EXERCISE: Find the line with "This is a 3D" in the entries below, then output every line from it down to the line with "Moderne Ferienwohnung mit", exactly and with no pictures.

RECORDED INFORMATION:
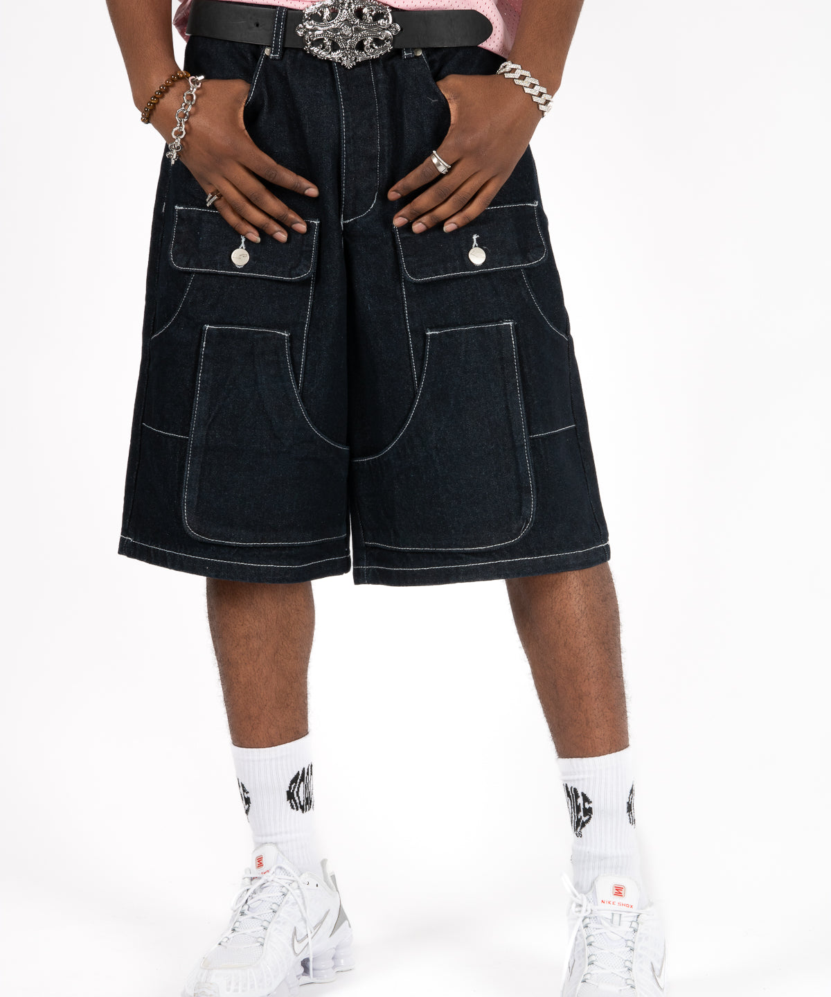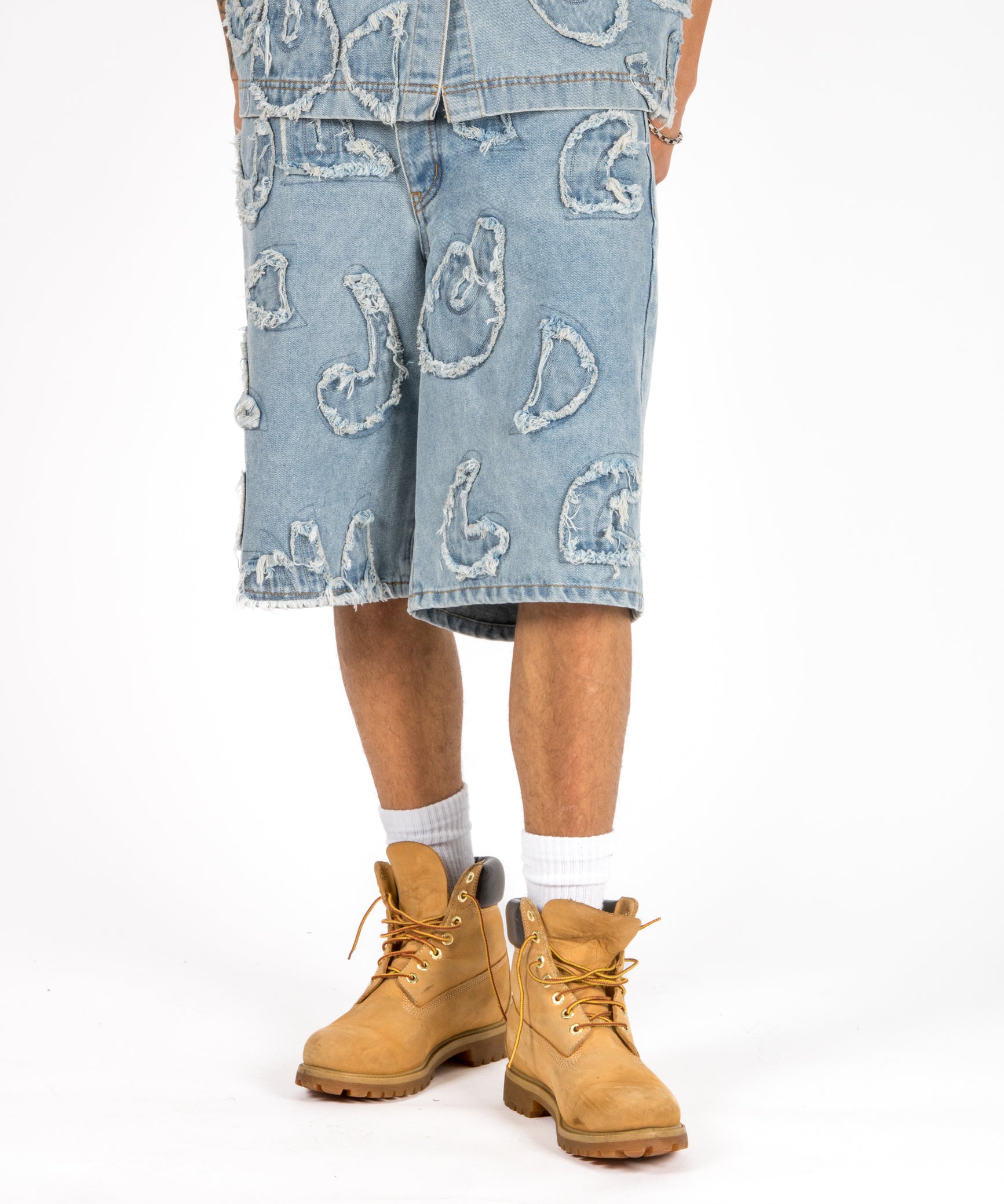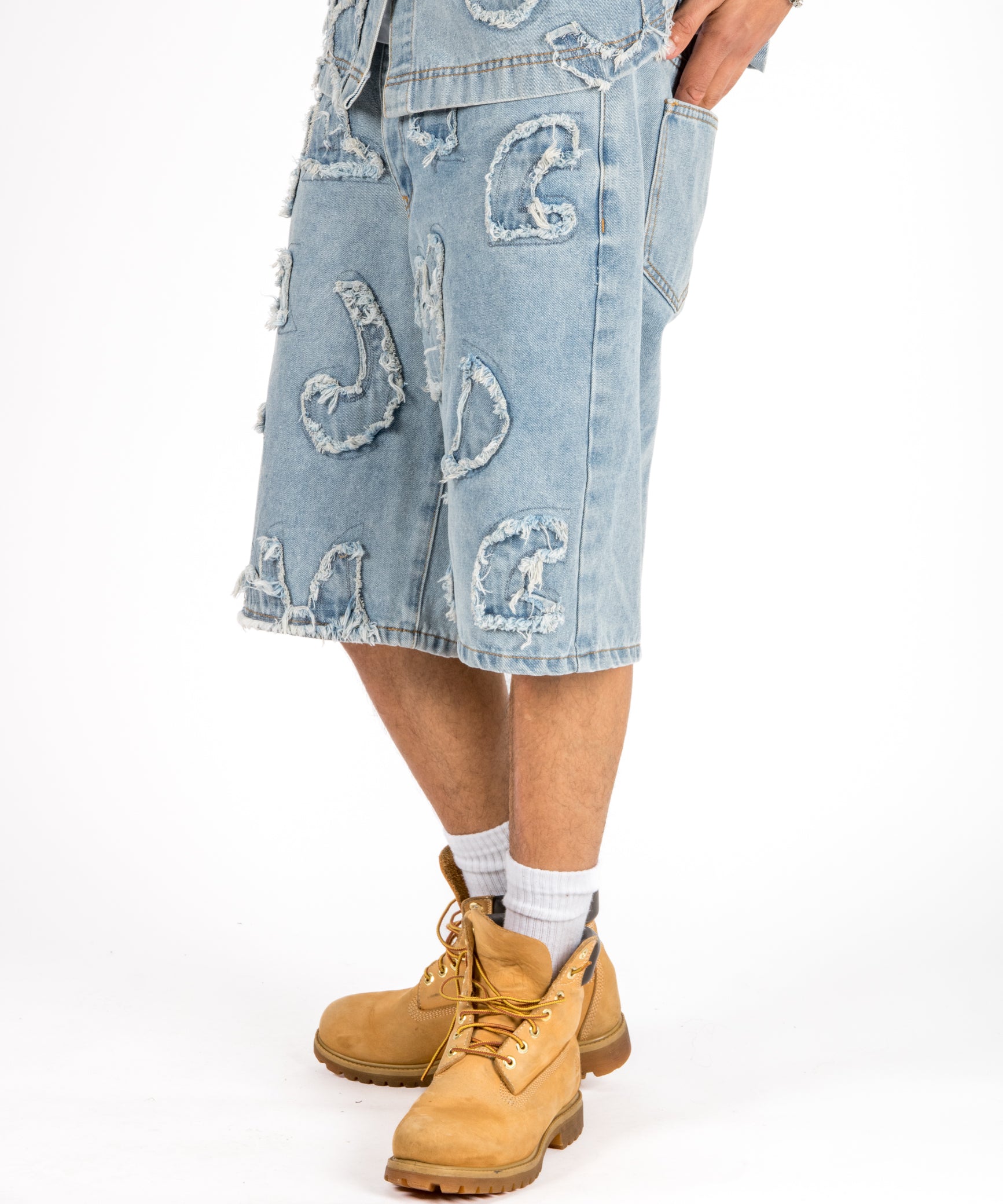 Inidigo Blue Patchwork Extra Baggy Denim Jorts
--
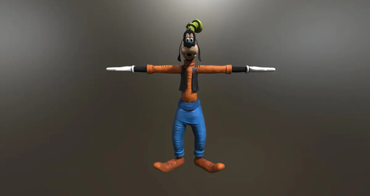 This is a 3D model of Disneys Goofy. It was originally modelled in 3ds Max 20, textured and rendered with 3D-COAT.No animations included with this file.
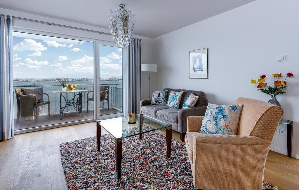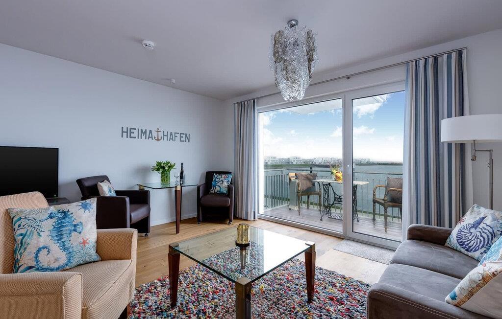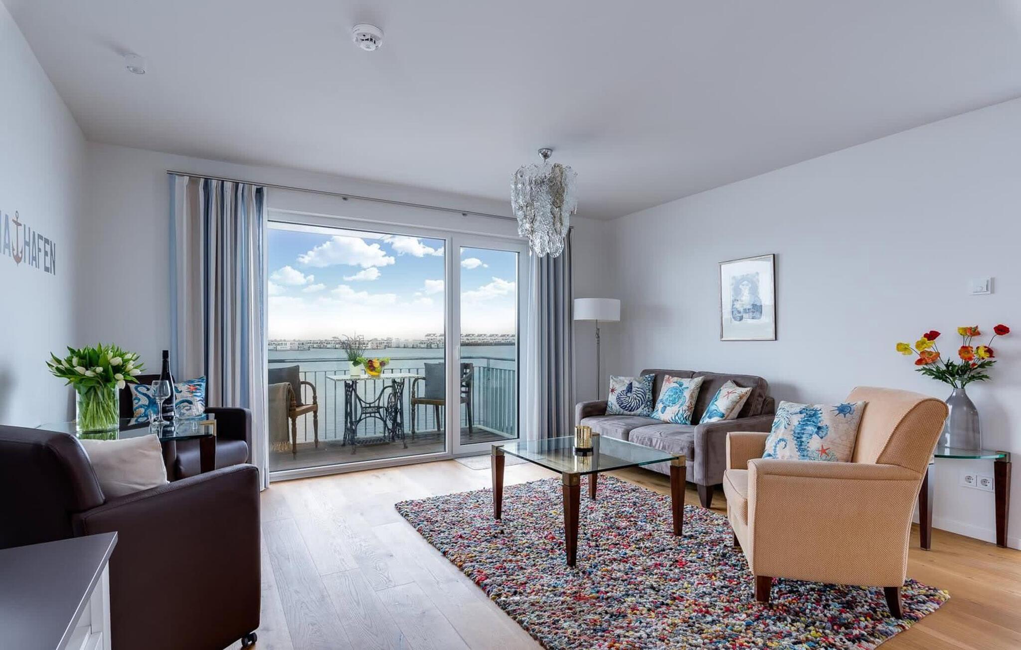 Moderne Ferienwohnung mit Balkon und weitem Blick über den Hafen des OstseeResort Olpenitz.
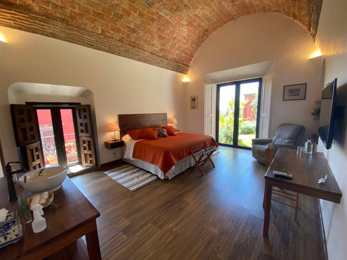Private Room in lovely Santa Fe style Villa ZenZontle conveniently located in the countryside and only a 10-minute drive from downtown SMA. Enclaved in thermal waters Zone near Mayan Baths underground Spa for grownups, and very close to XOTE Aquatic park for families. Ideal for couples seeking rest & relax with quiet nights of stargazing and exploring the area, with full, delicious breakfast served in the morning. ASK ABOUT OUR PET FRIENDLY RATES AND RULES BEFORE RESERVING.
---
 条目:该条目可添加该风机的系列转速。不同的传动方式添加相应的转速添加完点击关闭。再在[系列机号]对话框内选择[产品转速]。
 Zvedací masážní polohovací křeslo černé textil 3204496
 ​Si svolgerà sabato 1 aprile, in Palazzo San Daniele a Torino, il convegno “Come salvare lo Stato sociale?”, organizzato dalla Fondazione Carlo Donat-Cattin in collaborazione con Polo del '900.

YOUR SOLUTION:
 This is a 3D model of Disneys Goofy. It was originally modelled in 3ds Max 20, textured and rendered with 3D-COAT.No animations included with this file.
 Moderne Ferienwohnung mit Balkon und weitem Blick über den Hafen des OstseeResort Olpenitz.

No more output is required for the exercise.